■ WHAT NEEDS TO BE DONE:
Each line from the one with "Lang-Son. Vue panoramique." through the final line of the entries below must be printed exactly, and the pictures must not be.

** TASK INPUTS follows **

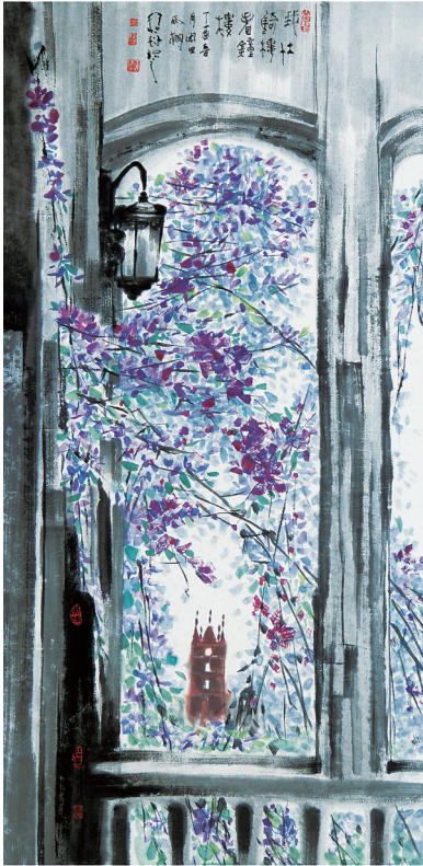
《我在骑楼看钟楼》 王隽珠
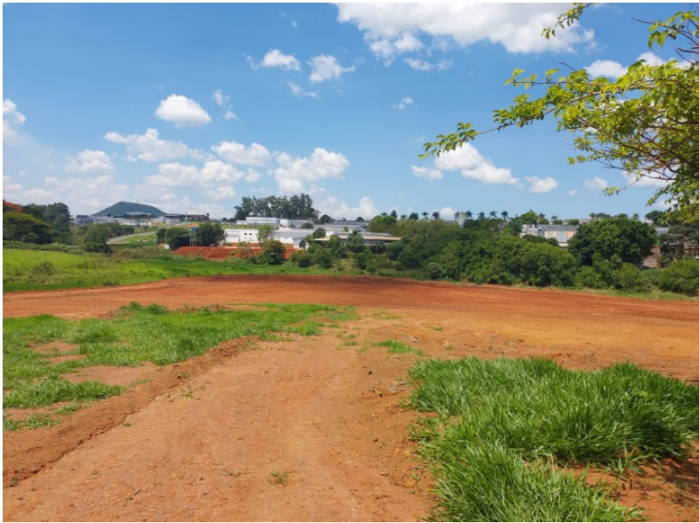
Foto 1. Área já em terraplanagem após o desvio do recurso hídrico.
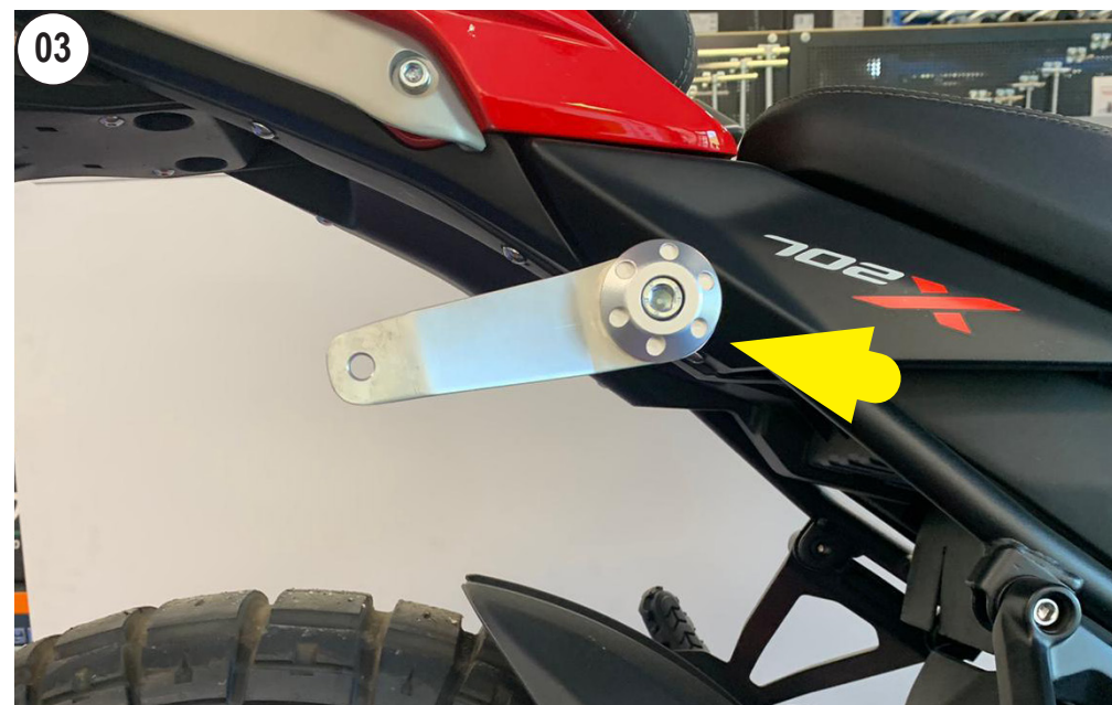
FIT THE BRACKET
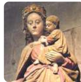
Vierge de la Grande Porte Saint Malo
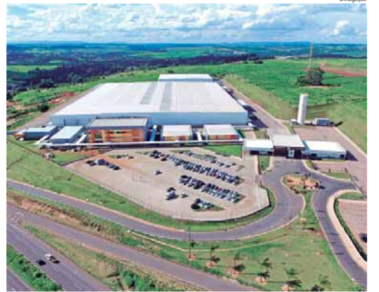
Chegada a Ribeirão Preto marca novo capítulo de crescimento na história de 35 anos
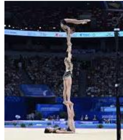
Women's Group Damengruppe
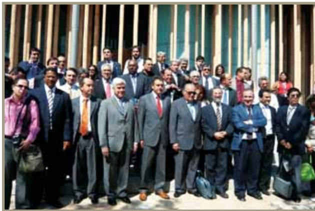
Reunión de los directores del Codia Reunião dos directores do Codia
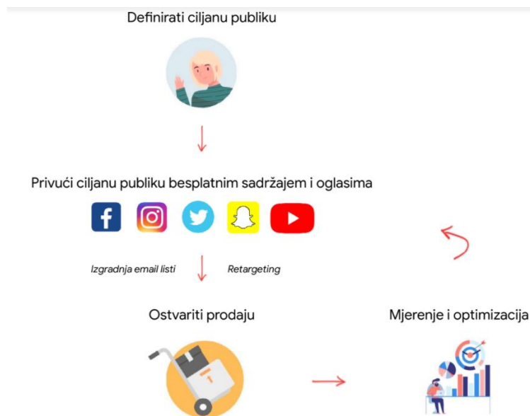
Slika 6. Proces uspješne prodaje

uoči se da je 60% osoba zastalo na istom koraku prilikom odabira načina plaćanja. Iz toga se može zaključiti da problem nije u marketingu na društvenim mrežama, već u samom webu.
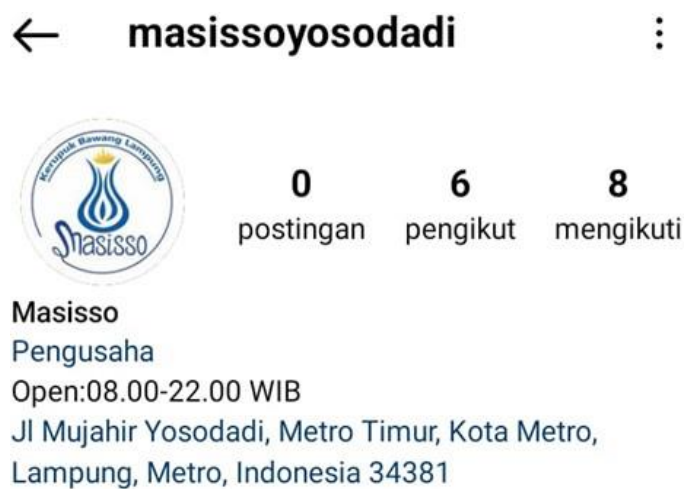
Gambar 2.2 hasil pembuatan akun instagram

bawang masisso kini berada pada posisi yang lebih baik untuk menghadapi persaingan di pasar digital. Diharapkan pengelolaan dan pembaruan konten secara berkala dapat terus dilakukan untuk mempertahankan kinerja yang optimal dan meningkatkan efektivitas promosi serta penjualan.
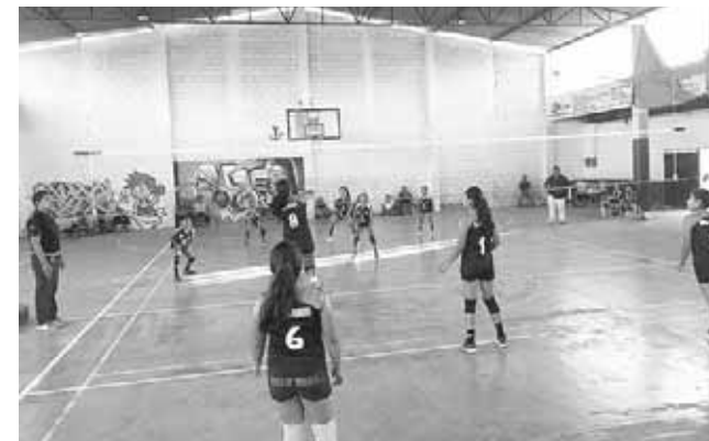
► De nervios las acciones.
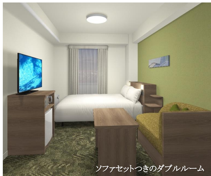
ソファセットつきのダブルルーム
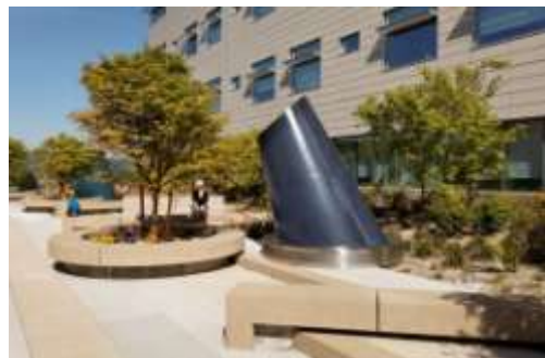
Gambar 6.3 Taman teras Randall Hospital

Bangunan amplop meliputi kaca kinerja tinggi dan meningkatkan isolasi termal yang melebihi Oregon Energi Kode standar energi minimum. Baja dan struktur beton, aluminium curtainwall dan bahan interior - seperti akustik, papan gipsum dan counter teraso cor di stasiun perawat - memiliki konten daur ulang yang signifikan. Bambu, produk cepat terbarukan, adalah standar untuk veneer, lantai dan langit-langit panel. Persistent racun bio-akumulatif
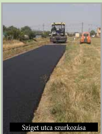
Sziget utca szurkozása
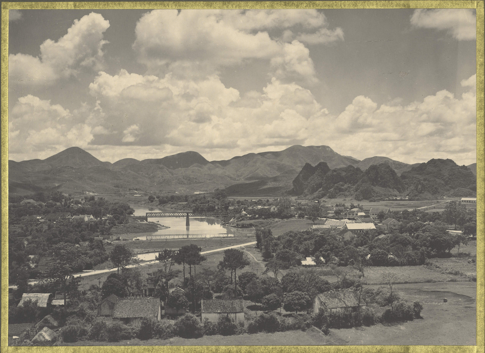
Lang-Son. Vue panoramique.
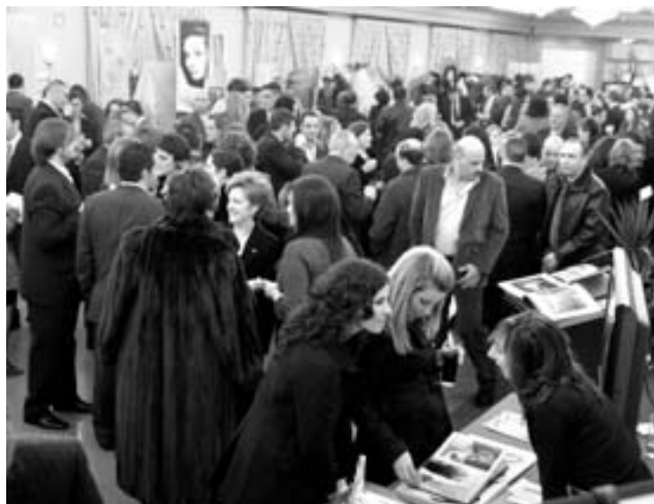
Gran ambiente en la zona de exposición de las empresas.
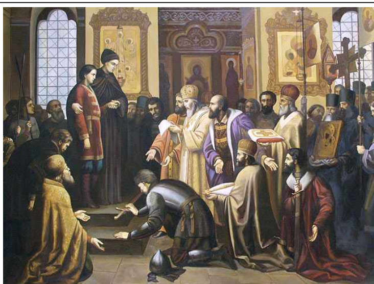
Послы Земского Собора умоляют Михаила и инокиню Марфу стать царем.

Венчание на престол. 13 марта 1613 года послы Собора прибыли в Ипатьевский монастырь, чтобы сообщить 16-ти летнему Михаилу о его избрании на престол (отец царя – патриарх Филарет в это время находился в польском плену). Каково же было изумление послов, когда ни Михаил,
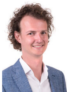
Joost Haman Makelaar o.z.

Als lokale experts kennen wij de regio Leiden van binnen en buiten. U kunt bij ons terecht voor al uw vragen en advies met betrekking tot onroerend goed. Wij zijn een servicegerichte organisatie en ondersteunen u bij elke stap van het transactieproces. Van tips om uw huis verkoopklaar te maken tot aan het verzorgen van een naamplaatje voor de nieuwe eigenaar van uw woning. Onze beroemde slogan luidt: "Niemand in de wereld verkoopt meer onroerend goed dan RE/MAX." Laat ons u overtuigen.
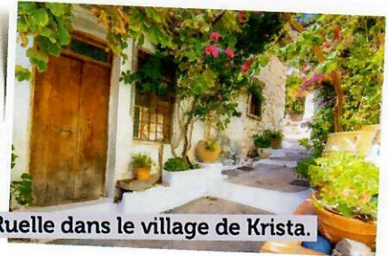
Ruelle dans le village de Krista.

Messe avec une communauté paroissiale d'Héraklion.
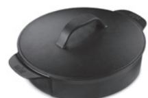
Gourmet BBQ System – Dutch Oven Grilleinsatz
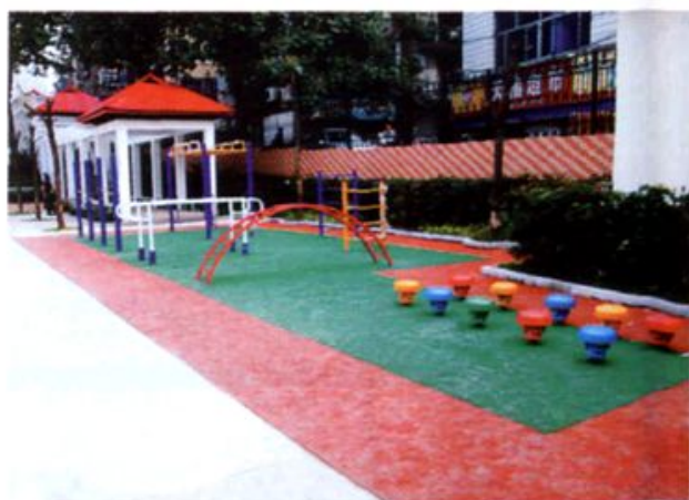
操场体育教学设施

** End of TASK INPUTS **

■ RESPONSE TO THE EXERCISE:
Lang-Son. Vue panoramique.
Gran ambiente en la zona de exposición de las empresas.
Послы Земского Собора умоляют Михаила и инокиню Марфу стать царем.

Венчание на престол. 13 марта 1613 года послы Собора прибыли в Ипатьевский монастырь, чтобы сообщить 16-ти летнему Михаилу о его избрании на престол (отец царя – патриарх Филарет в это время находился в польском плену). Каково же было изумление послов, когда ни Михаил,
Joost Haman Makelaar o.z.

Als lokale experts kennen wij de regio Leiden van binnen en buiten. U kunt bij ons terecht voor al uw vragen en advies met betrekking tot onroerend goed. Wij zijn een servicegerichte organisatie en ondersteunen u bij elke stap van het transactieproces. Van tips om uw huis verkoopklaar te maken tot aan het verzorgen van een naamplaatje voor de nieuwe eigenaar van uw woning. Onze beroemde slogan luidt: "Niemand in de wereld verkoopt meer onroerend goed dan RE/MAX." Laat ons u overtuigen.
Ruelle dans le village de Krista.

Messe avec une communauté paroissiale d'Héraklion.
Gourmet BBQ System – Dutch Oven Grilleinsatz
操场体育教学设施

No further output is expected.